◆ WHAT TO PRODUCE:
Output, word for word, the lines of this listing that fall between the line with "This eye-level exterior" and the line with "Modeled and observed", counting both of those lines, and no others.

RECORDED DATA START

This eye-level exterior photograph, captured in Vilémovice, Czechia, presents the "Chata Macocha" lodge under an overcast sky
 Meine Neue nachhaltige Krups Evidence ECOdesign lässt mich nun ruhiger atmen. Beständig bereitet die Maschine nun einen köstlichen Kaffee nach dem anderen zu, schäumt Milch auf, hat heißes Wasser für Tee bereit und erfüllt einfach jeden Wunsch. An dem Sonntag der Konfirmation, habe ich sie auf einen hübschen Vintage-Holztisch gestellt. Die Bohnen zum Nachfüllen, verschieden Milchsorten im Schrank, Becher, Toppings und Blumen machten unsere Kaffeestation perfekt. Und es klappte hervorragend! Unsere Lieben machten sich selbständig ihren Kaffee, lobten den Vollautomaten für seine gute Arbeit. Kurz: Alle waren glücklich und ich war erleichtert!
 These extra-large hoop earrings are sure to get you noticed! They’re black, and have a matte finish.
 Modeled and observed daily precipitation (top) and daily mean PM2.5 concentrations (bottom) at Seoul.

RECORDED DATA END
RECORDED DATA START

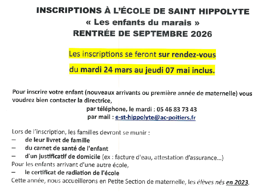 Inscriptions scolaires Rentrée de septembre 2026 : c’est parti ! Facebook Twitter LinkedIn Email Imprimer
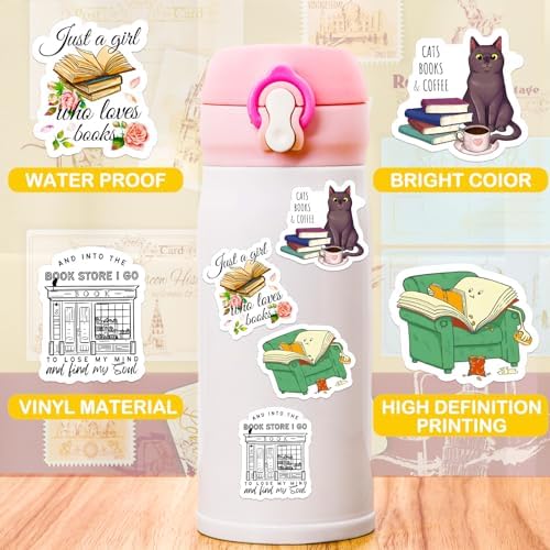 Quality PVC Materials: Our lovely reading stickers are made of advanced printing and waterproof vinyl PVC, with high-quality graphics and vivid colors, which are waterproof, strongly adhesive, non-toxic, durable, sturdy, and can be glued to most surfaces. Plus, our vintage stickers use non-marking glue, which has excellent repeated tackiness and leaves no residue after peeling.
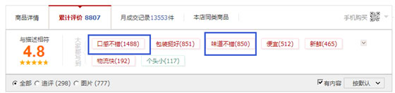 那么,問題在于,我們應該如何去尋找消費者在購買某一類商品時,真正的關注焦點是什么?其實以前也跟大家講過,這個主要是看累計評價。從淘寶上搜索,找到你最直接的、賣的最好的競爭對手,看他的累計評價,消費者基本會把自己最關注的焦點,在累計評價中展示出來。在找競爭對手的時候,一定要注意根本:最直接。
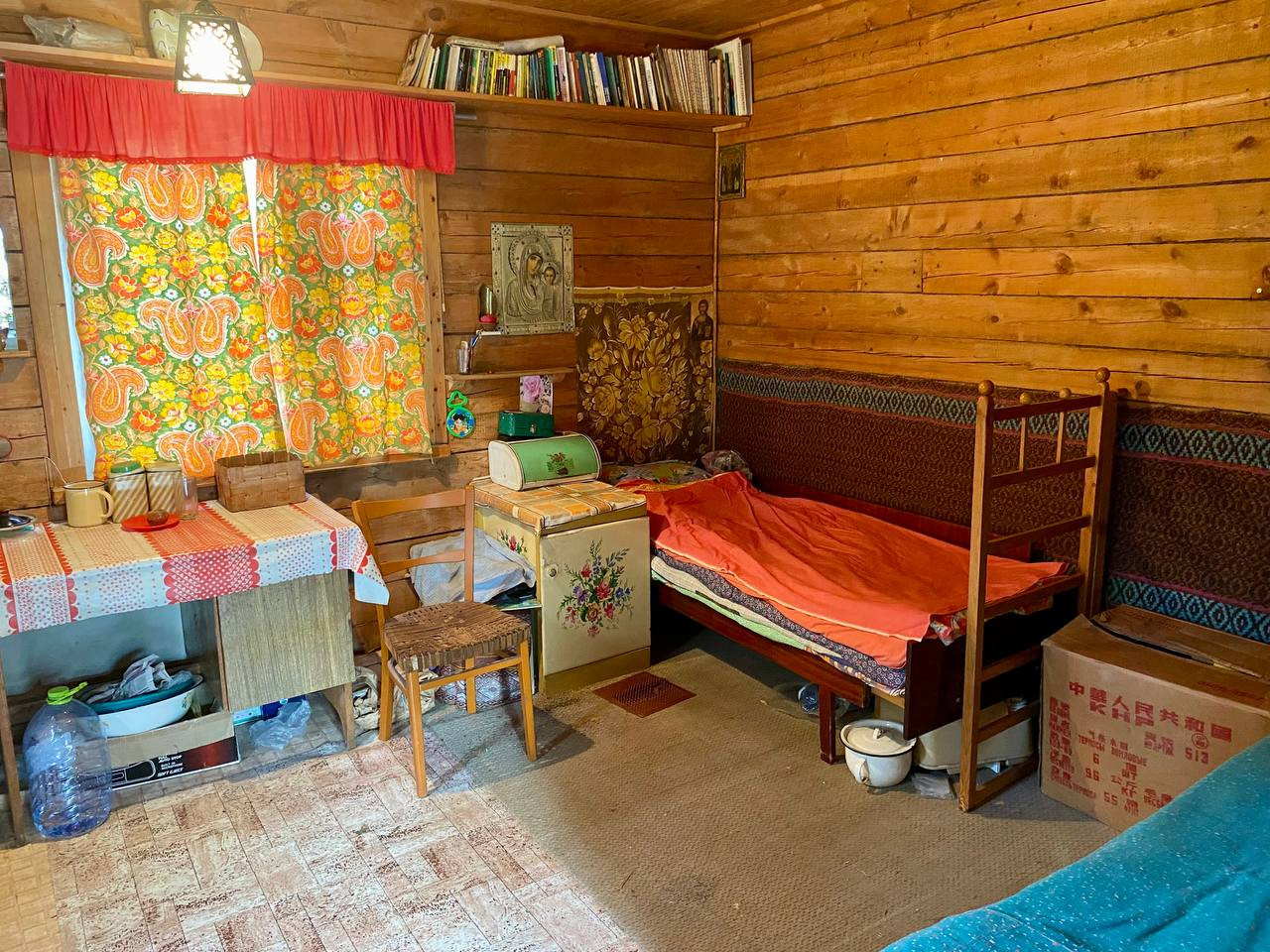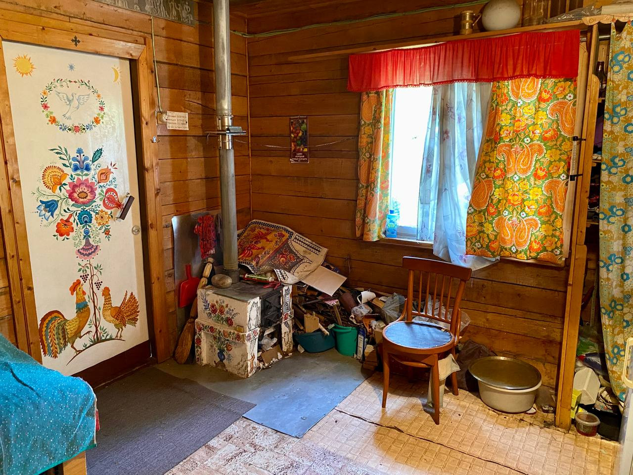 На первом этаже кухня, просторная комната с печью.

RECORDED DATA END

◆ OUTPUT FOR THIS EXERCISE:
This eye-level exterior photograph, captured in Vilémovice, Czechia, presents the "Chata Macocha" lodge under an overcast sky
 Meine Neue nachhaltige Krups Evidence ECOdesign lässt mich nun ruhiger atmen. Beständig bereitet die Maschine nun einen köstlichen Kaffee nach dem anderen zu, schäumt Milch auf, hat heißes Wasser für Tee bereit und erfüllt einfach jeden Wunsch. An dem Sonntag der Konfirmation, habe ich sie auf einen hübschen Vintage-Holztisch gestellt. Die Bohnen zum Nachfüllen, verschieden Milchsorten im Schrank, Becher, Toppings und Blumen machten unsere Kaffeestation perfekt. Und es klappte hervorragend! Unsere Lieben machten sich selbständig ihren Kaffee, lobten den Vollautomaten für seine gute Arbeit. Kurz: Alle waren glücklich und ich war erleichtert!
 These extra-large hoop earrings are sure to get you noticed! They’re black, and have a matte finish.
 Modeled and observed daily precipitation (top) and daily mean PM2.5 concentrations (bottom) at Seoul.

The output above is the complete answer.